Aim of the task: The full set of entries is to be printed exactly, with pictures excluded.

Stored items:
◇ ◇ ◇
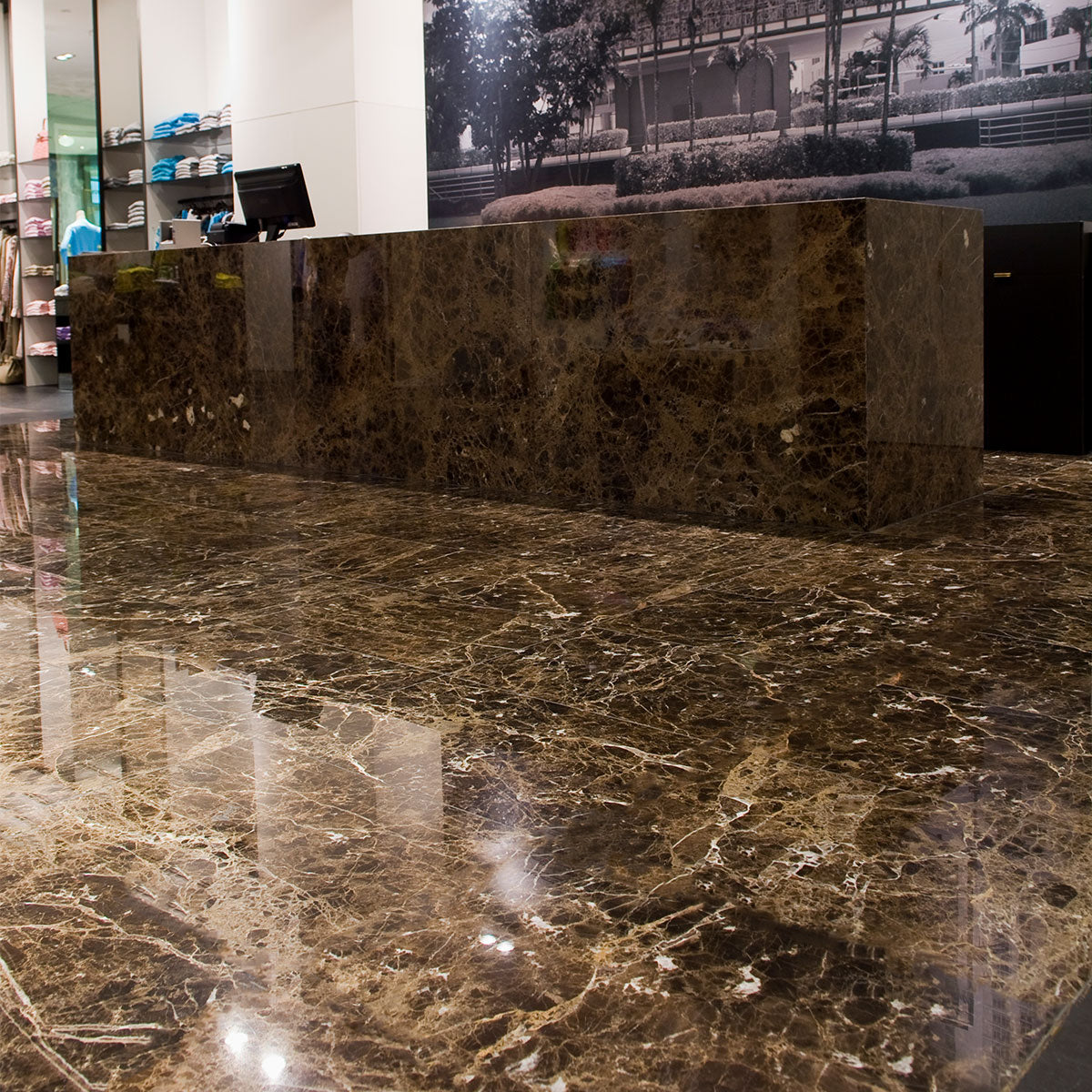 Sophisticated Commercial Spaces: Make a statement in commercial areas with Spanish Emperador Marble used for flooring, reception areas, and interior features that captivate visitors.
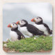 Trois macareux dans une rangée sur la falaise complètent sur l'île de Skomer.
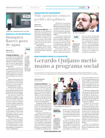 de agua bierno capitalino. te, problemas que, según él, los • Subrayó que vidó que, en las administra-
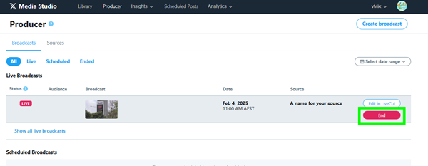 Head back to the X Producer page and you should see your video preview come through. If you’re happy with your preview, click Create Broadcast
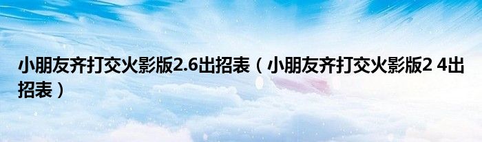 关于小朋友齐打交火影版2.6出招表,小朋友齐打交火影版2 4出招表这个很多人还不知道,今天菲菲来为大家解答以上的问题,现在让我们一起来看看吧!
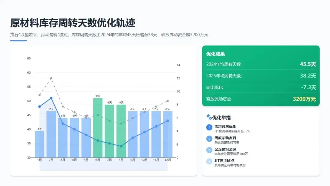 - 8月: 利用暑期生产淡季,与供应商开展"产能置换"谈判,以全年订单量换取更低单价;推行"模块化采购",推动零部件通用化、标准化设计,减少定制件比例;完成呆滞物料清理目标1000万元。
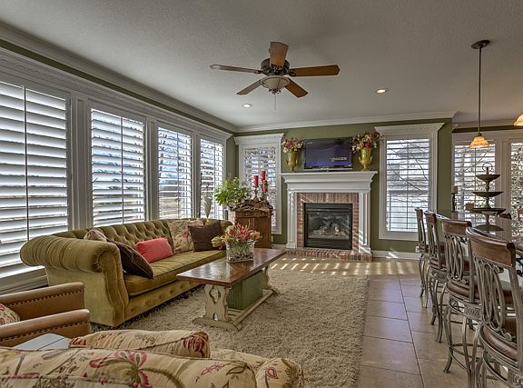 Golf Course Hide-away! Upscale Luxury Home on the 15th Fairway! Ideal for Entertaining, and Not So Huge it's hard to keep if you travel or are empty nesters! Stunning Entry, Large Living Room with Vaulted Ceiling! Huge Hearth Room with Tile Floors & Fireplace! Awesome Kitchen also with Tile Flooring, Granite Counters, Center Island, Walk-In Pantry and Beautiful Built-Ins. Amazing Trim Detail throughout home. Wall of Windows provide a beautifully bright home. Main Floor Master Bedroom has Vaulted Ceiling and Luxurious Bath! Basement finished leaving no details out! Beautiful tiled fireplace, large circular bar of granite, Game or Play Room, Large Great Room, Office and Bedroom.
◇ ◇ ◇
Solution below:
 Sophisticated Commercial Spaces: Make a statement in commercial areas with Spanish Emperador Marble used for flooring, reception areas, and interior features that captivate visitors.
 Trois macareux dans une rangée sur la falaise complètent sur l'île de Skomer.
 de agua bierno capitalino. te, problemas que, según él, los • Subrayó que vidó que, en las administra-
 Head back to the X Producer page and you should see your video preview come through. If you’re happy with your preview, click Create Broadcast
 关于小朋友齐打交火影版2.6出招表,小朋友齐打交火影版2 4出招表这个很多人还不知道,今天菲菲来为大家解答以上的问题,现在让我们一起来看看吧!
 - 8月: 利用暑期生产淡季,与供应商开展"产能置换"谈判,以全年订单量换取更低单价;推行"模块化采购",推动零部件通用化、标准化设计,减少定制件比例;完成呆滞物料清理目标1000万元。
 Golf Course Hide-away! Upscale Luxury Home on the 15th Fairway! Ideal for Entertaining, and Not So Huge it's hard to keep if you travel or are empty nesters! Stunning Entry, Large Living Room with Vaulted Ceiling! Huge Hearth Room with Tile Floors & Fireplace! Awesome Kitchen also with Tile Flooring, Granite Counters, Center Island, Walk-In Pantry and Beautiful Built-Ins. Amazing Trim Detail throughout home. Wall of Windows provide a beautifully bright home. Main Floor Master Bedroom has Vaulted Ceiling and Luxurious Bath! Basement finished leaving no details out! Beautiful tiled fireplace, large circular bar of granite, Game or Play Room, Large Great Room, Office and Bedroom.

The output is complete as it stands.